WHAT THE EXERCISE ASKS
Below are records to be transcribed exactly; any pictures should be left out.

Entries taken from a collection:
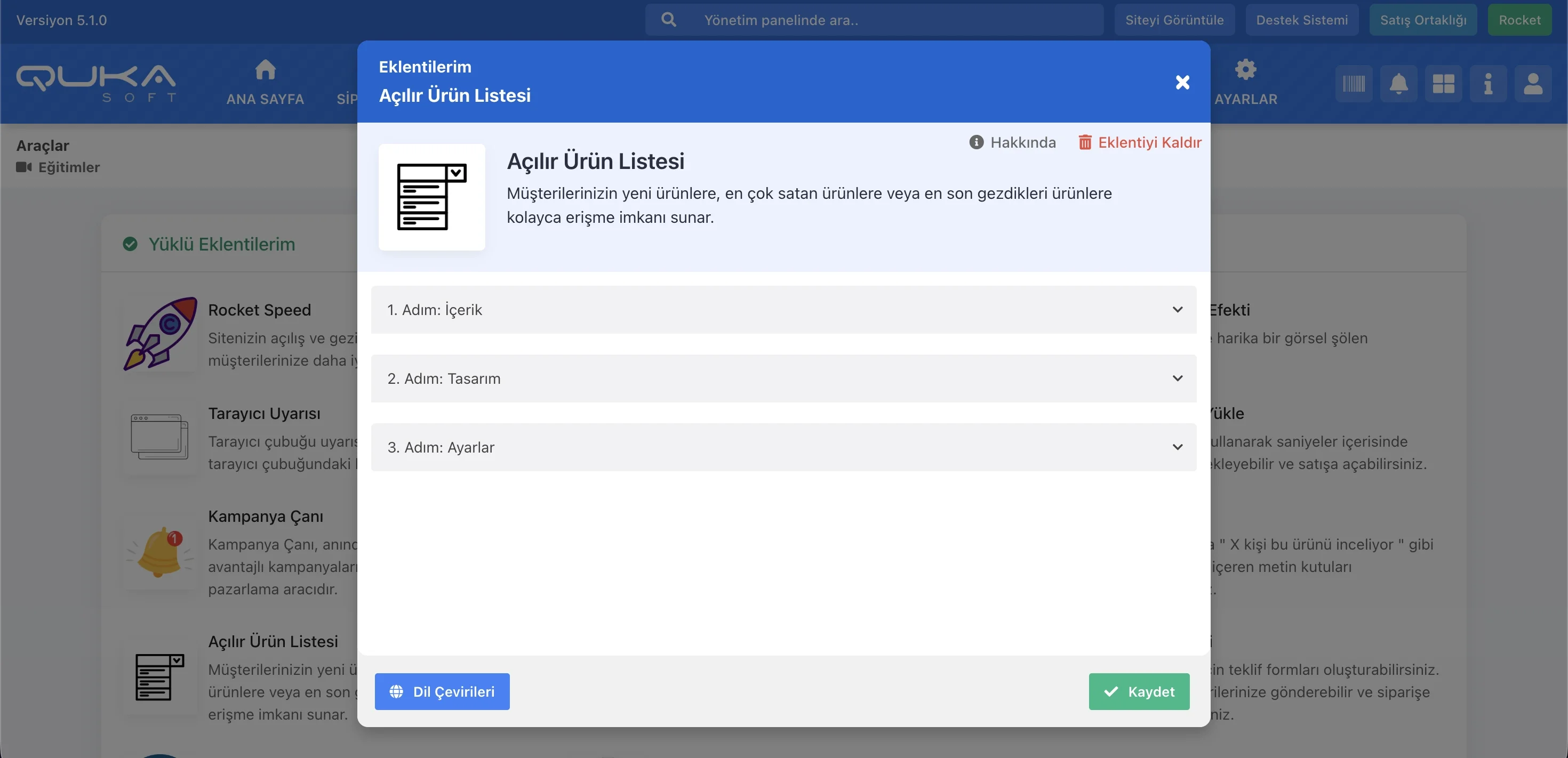 Açılır ürün listesi eklentisi, ziyaretçilerinizin ilgi duyabileceği ürün gruplarını dinamik bir panelde sunarak site içi navigasyonu kolaylaştıran ve satış dönüşümlerini artıran bir araçtır. Qukasoft yönetim paneli üzerinden yapılandırılan bu modül; yeni gelen ürünleri, en çok satanları veya müşterinin daha önce incelediği ürünleri hatırlatarak alışveriş deneyimini kişiselleştirir.
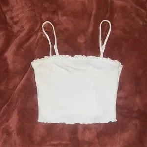 White rouched spaghetti strap crop top
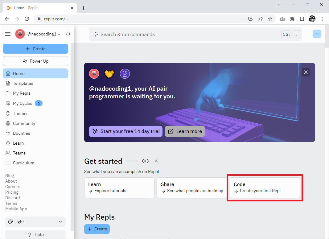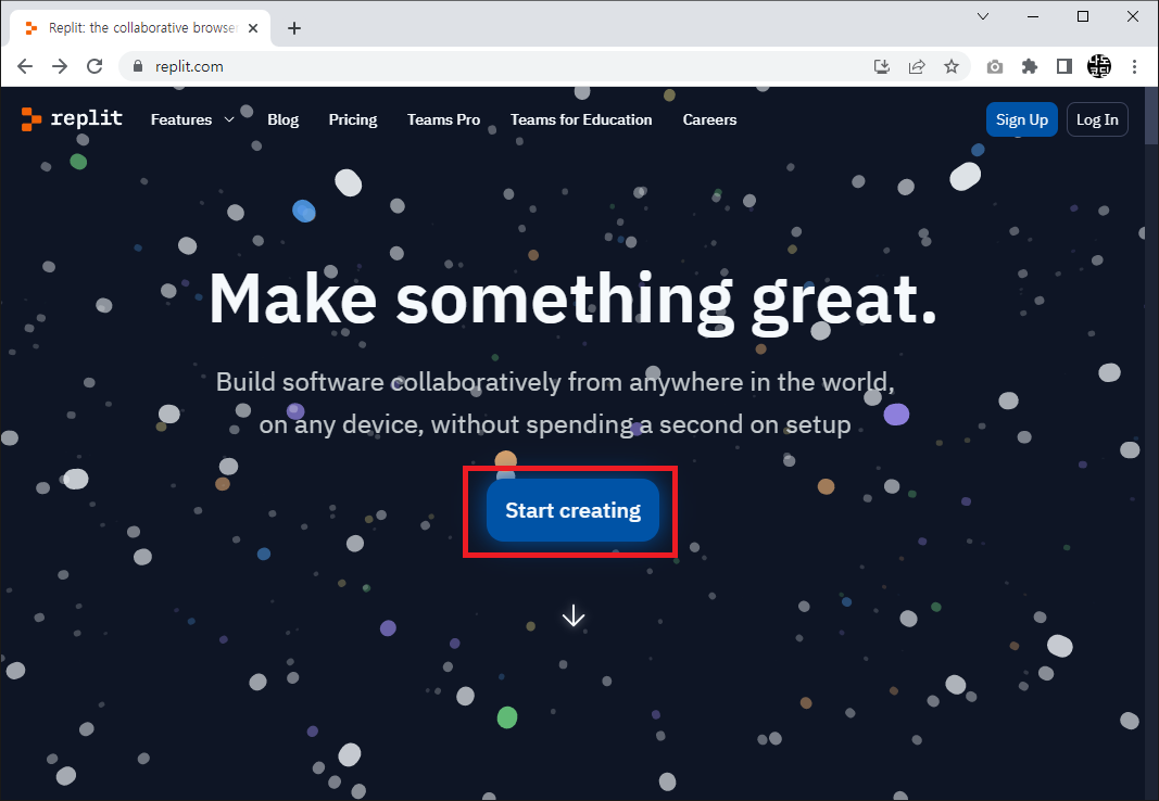 1. 공식 홈페이지(https://replit.com/) 에 접속 후 Start creating 버튼을 클릭합니다.
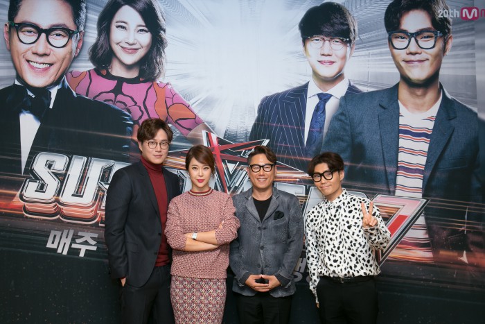 △ Mnet 오디션 프로그램 '슈퍼스타K7'의 심사위원을 맡은 성시경, 백지영, 윤종신, 김범수가 15일 서울 상암동 CJ E&M센터에서 열린 기자간담회에서 포즈를 취하고 있다.<사진제공=CJ E&M>
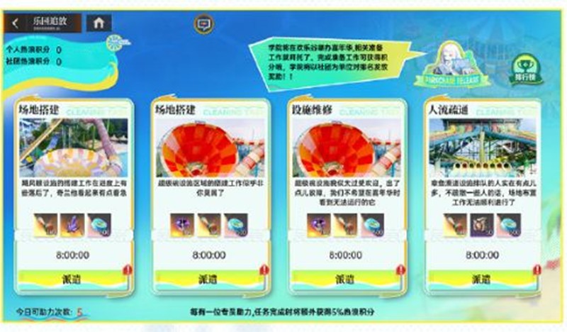 活动期间,专员们可参与学院嘉年华的准备工作,派遣伙伴前往现场完成装饰布置、人流疏通及场地打扫等任务,即可获得相应热浪积分!学院将以社团为单位发放排名奖励!

ANSWER TO THIS PROBLEM
 Açılır ürün listesi eklentisi, ziyaretçilerinizin ilgi duyabileceği ürün gruplarını dinamik bir panelde sunarak site içi navigasyonu kolaylaştıran ve satış dönüşümlerini artıran bir araçtır. Qukasoft yönetim paneli üzerinden yapılandırılan bu modül; yeni gelen ürünleri, en çok satanları veya müşterinin daha önce incelediği ürünleri hatırlatarak alışveriş deneyimini kişiselleştirir.
 White rouched spaghetti strap crop top
 1. 공식 홈페이지(https://replit.com/) 에 접속 후 Start creating 버튼을 클릭합니다.
 △ Mnet 오디션 프로그램 '슈퍼스타K7'의 심사위원을 맡은 성시경, 백지영, 윤종신, 김범수가 15일 서울 상암동 CJ E&M센터에서 열린 기자간담회에서 포즈를 취하고 있다.<사진제공=CJ E&M>
 活动期间,专员们可参与学院嘉年华的准备工作,派遣伙伴前往现场完成装饰布置、人流疏通及场地打扫等任务,即可获得相应热浪积分!学院将以社团为单位发放排名奖励!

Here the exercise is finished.